As technology advances, gaps often emerge between corporate needs and worker skills. These gaps can lead to vacancies as companies have difficulty finding workers to fill these positions. Unless skills are upgraded, these vacancies can become persistent. For example, 40 percent of American employers say lack of skills is the main reason for entry-level job vacancies, and almost 60 percent complain that workers are not sufficiently prepared, even for entry-level jobs, according to McKinsey & Company.
The labor market is currently reasonably tight, with a relatively low unemployment rate and steady job growth. But persistent vacancies due to skill mismatches are an important problem for businesses, workers, and the overall economy.
THE C-SUITE IS STARTING TO ADDRESS THE PROBLEM
Recognizing that worker shortages are a hindrance to growth and profitability, several high-profile firms have either invested or pledged to invest in retraining members of their existing workforce for emerging jobs within the company. Accenture, the multinational consulting firm, has pledged to retrain workers at the cost of one billion dollars a year in response to new skill needs. Amazon recently announced a $700 million investment through 2025 aimed at upskilling workers, thereby enabling these workers to move to other positions either within the company or beyond. Other companies, such as IBM, have created apprenticeships to train future tech workers, some of whom are in non-technical positions, allowing interested workers to learn new skills while earning a middle-class salary.
This movement among corporations to invest in training and upskilling is a clear signal that the skilled worker shortage is real. And many of these investments, especially those aimed at operating advanced equipment, working with AI, and software coding, can be considered what economists call “investments in general human capital.” That is, they are skills transferable across firms.
While some firms may not be interested in investing in transferable skills because they may lose trained workers, the fact that others are moving in this direction is an important signal. Firms often seek to minimize investments in education and training that would be valuable to other firms as they may not recoup the return on that investment if the employee goes elsewhere. Large firms choosing to invest in retraining workers rather than just relying on the job market to fill these positions may suggest that they view the costs associated with search and delay to be too high.

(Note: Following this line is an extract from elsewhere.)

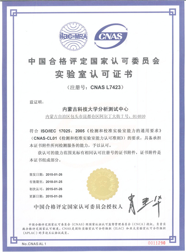 1月26日,中国合格评定国家认可委员会(简称CNAS)正式向我校分析测试中心颁发实验室认可证书。

Furthermore, in-house training programs provide the added value of reducing adjustment costs for workers, because these workers have already successfully navigated some of the key aspects of joining a new firm such as culture and norms.
Now policymakers should do more, too
Policymakers ought to use this opportunity to support and expand these initiatives by fostering public-private partnerships aimed at improving skill matches between employers and employees among firms of all sizes. Potential approaches include:
- Making federal and state tax credits available to firms who provide systematic retraining and upskilling programs for workers at their firms who are at-risk of displacement due to technological change. As my colleague Isabel Sawhill notes in her recent book, The Forgotten Americans, such “active labor market policies” may be a key mechanism to equipping workers with in-demand skills and matching them to employers that need them. Larger tax credits can be directed at smaller firms to ensure they have the incentive to participate as well.
- Supporting the establishment and expansion of apprenticeship and other on-the-job training programs by providing tax credits and funds for firms to bring in additional expertise to help train workers. Research presented in a recent volume published by the Hamilton Project at Brookings highlights how apprenticeships help provide alternative pathways to rewarding careers that do not rely on the typical “academic-only” educational track.
- Provide funding, personnel, and other incentives to local universities and community colleges to partner with local employers to revise or develop coursework and programs that are better connected to employer needs.
Of course, government-supported training programs for displaced workers are not new. The first large-scale training legislation, the Manpower Development Act and Training Act, described in Barnow (1993), was passed in 1962 with the specific intention of retraining workers who were displaced by technological change. Additional programs aimed at fostering worker retraining have passed over the subsequent decades. Unfortunately, evidence on the effectiveness of these programs is not very encouraging. The Job Training Partnership Act (JTPA) of 1982, passed under President Reagan, provided billions of dollars for job training for the poor. Outcomes were largely mixed. Evaluations such as the National JTPA Study found modest improvements in earnings outcomes for adult participants and virtually no effect for adolescents. However, there were problems in both implementation and administration. In particular, critics argue that much of the training had too little input from employers and workers. The JTPA was eventually replaced by the Workforce Investment Act in 1998 with the intention of allowing more private employer involvement, but as noted in Barnow and Smith (2015), there is little evidence that this happened.
So more effective programs are needed. But the alternative, of doing nothing in the face of inevitable technological change and automation, is not viable. Amazon, for example, claims full automation of its warehouses is about a decade away. Appropriately designed programs that support workers and are closely tied to employer needs may be more effective and, in the case of in-house programs, require a much smaller investment than sending workers back to school for a 4-year degree.
Disclosure: IBM provides support to the Future of Middle Class Initiative.